Dusk fell over the city like a grey powder slowly blotting out the light. For a time, as their Jeep careered in and out of cycle lanes, siren wailing, red light flashing, the sun had sent long shadows to meet them and blinded them through the windscreen. Now it was gone, and the red streaks in the sky were fading through blue into black. There were times when Li, squeezing between buses and taxis, had turned the three lanes of the westbound carriageway of the third ring road into four. Margaret watched his concentration as he leaned frequently on the horn to supplement the siren, muttering to himself in between drags on his cigarette, almost as if she wasn’t there. He had not spoken to her since they left Section One. And her naked fear had banished all thoughts of conversation as he drove, like a man possessed, through the evening rush hour.

He checked his watch and appeared to relax a little. He glanced across at her for the first time. ‘We might just make it,’ he said.

‘I’m glad,’ she said, a hint of acid in her tone. ‘I’d hate to think I’d aged ten years in vain.’

‘And I would hate to think,’ he said, looking straight ahead again, ‘that a mere murder investigation would get in the way of your love life.’

‘You know what your trouble is?’ she said, controlling the urge to tell him exactly where he could go. ‘Your grasp of English is far too good. Your uncle taught you well, but he should have told you that sarcasm is the lowest form of wit.’

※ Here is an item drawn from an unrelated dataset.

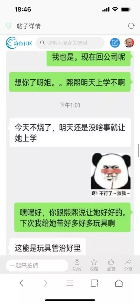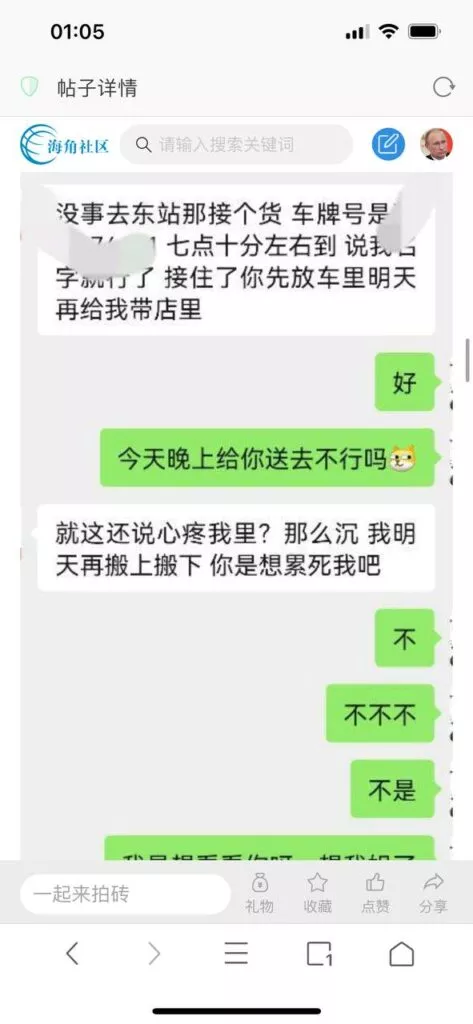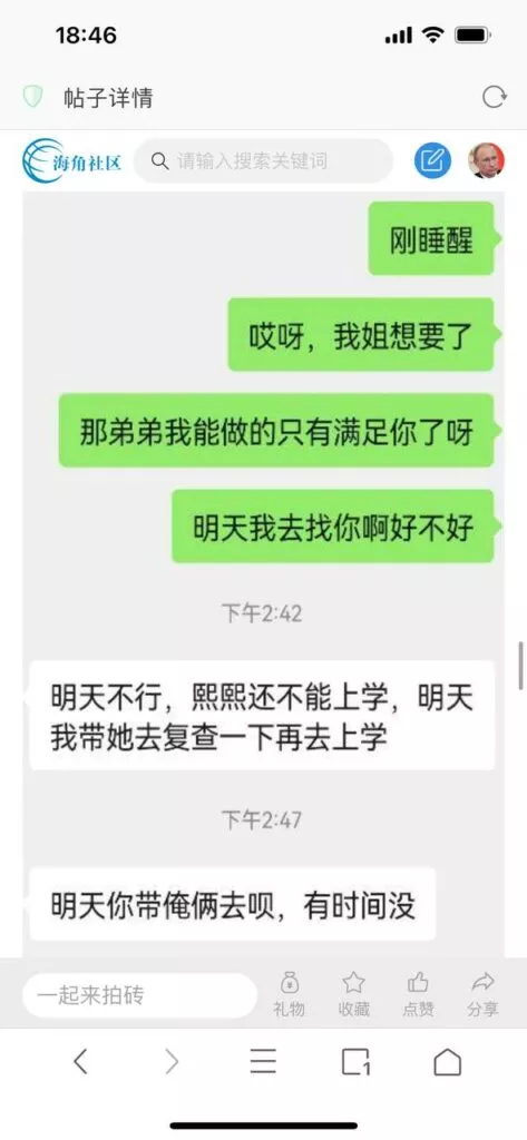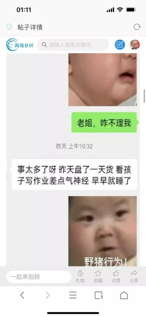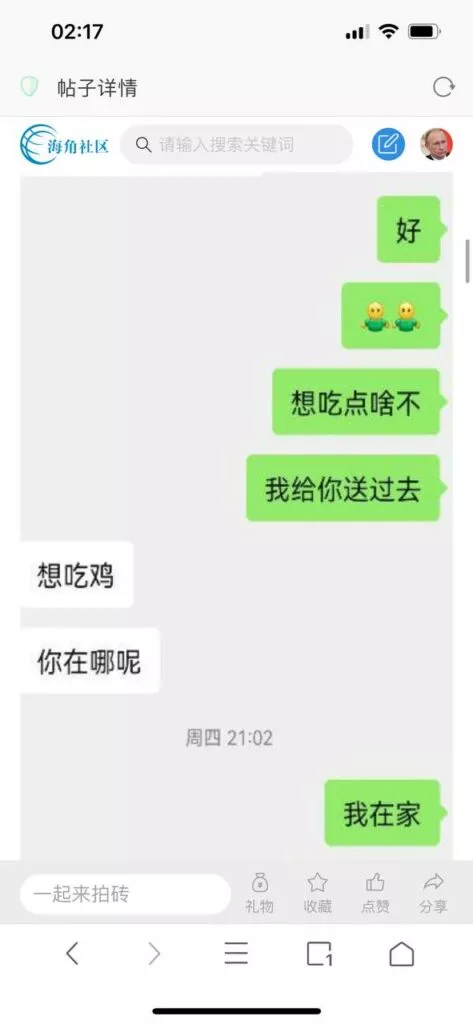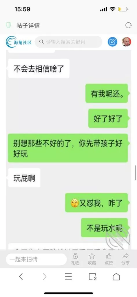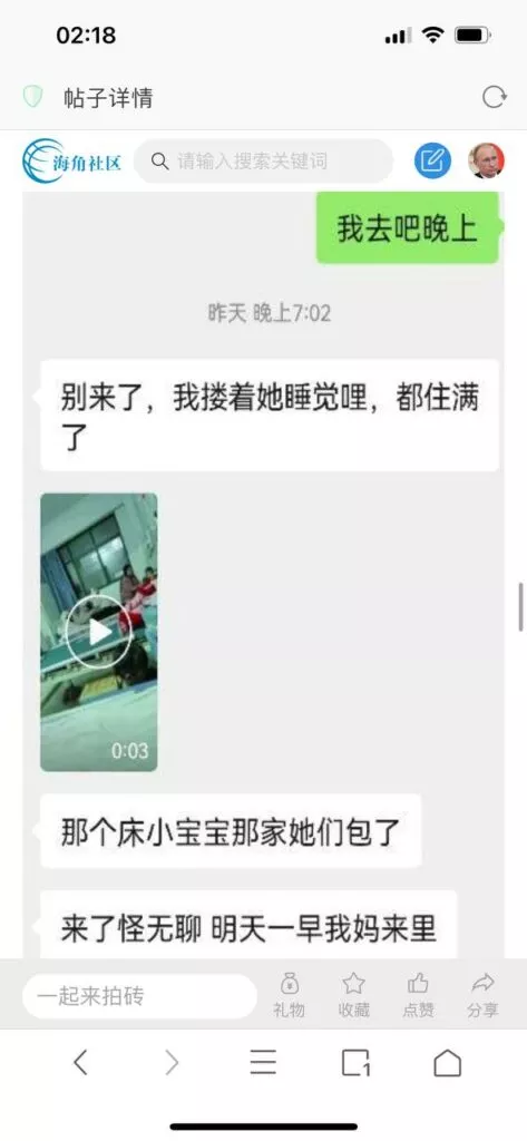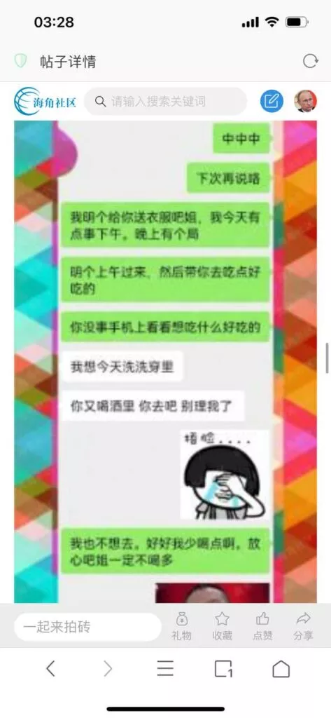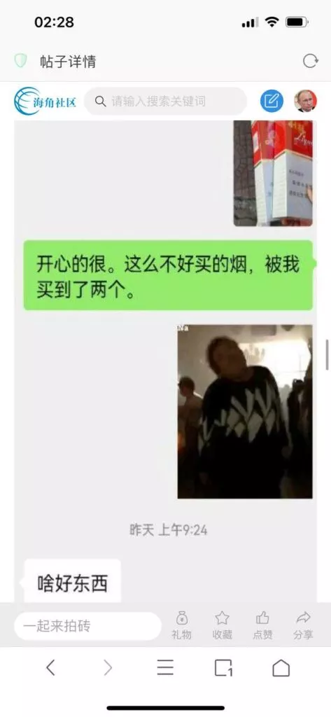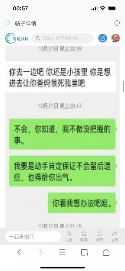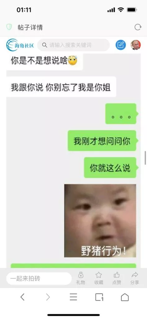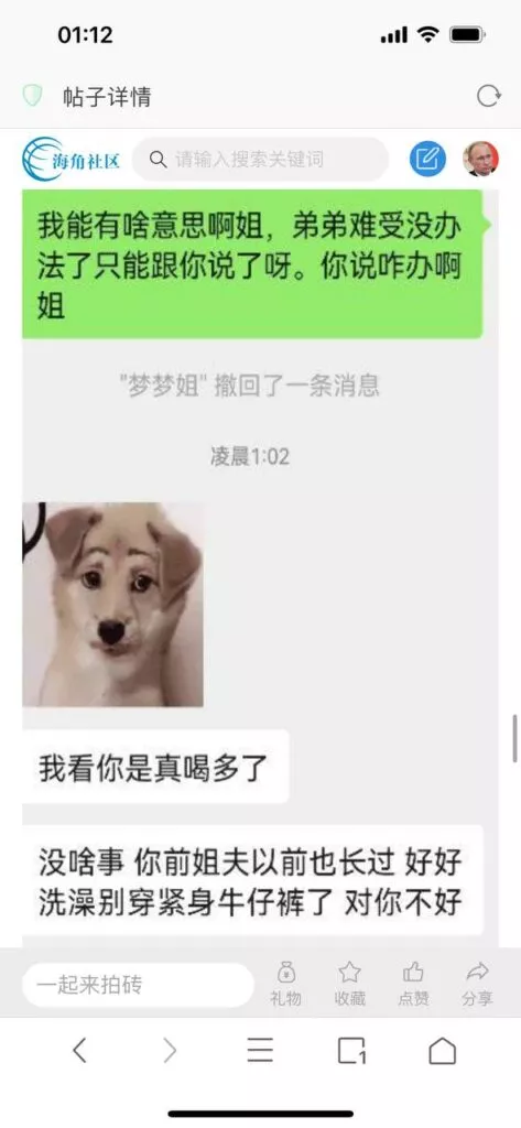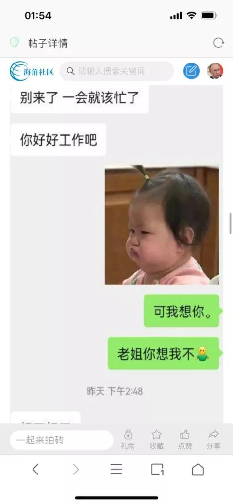今天看电影也在犹豫要不要发一个视频。但也是我的锅,前几天晚上喝多了跟一个加我微信的海友打了微信电话,haijiaoshequ_456天南海北聊了快一个小时,脑子一热就答应了有机会再发一个帖。

‘Who said I was being witty?’

‘Well, certainly not me!’ She glared at him, then relaxed. ‘Anyway,’ she said, ‘since you are clearly so anxious to know, the relationship between Michael and me is strictly platonic. You know what platonic is, don’t you?’

He nodded. ‘It’s the word people always use to describe their relationship with someone just before they sleep with them.’ But he wasn’t smiling. His mouth was set in a grim line as he swung the Jeep off the ring road on to the flyover leading to the Tianningsi Bridge.

Margaret was stung. Not so much by the barb in Li’s words, but by the truth of them. And she wondered just why she had agreed to go to Xi’an with Michael, and knew at once that it wasn’t to fulfil a life’s ambition to see the Terracotta Warriors. She felt a churning in her stomach, and that fear that fluttered so elusively in her breast. What in God’s name was she doing? She stole a glance at Li. She had stopped seeing him as Chinese again. Just as Li Yan. And she had seen the warmth and sparkle return to his eyes as they had fenced verbally at Section One, and again in the Jeep. She knew, without daring to let the thought crystallise in her mind, that she still loved him. But what point was there in it? It was as foolish and impossible as a teenager falling for a rock star. Li had made it clear. They had no future.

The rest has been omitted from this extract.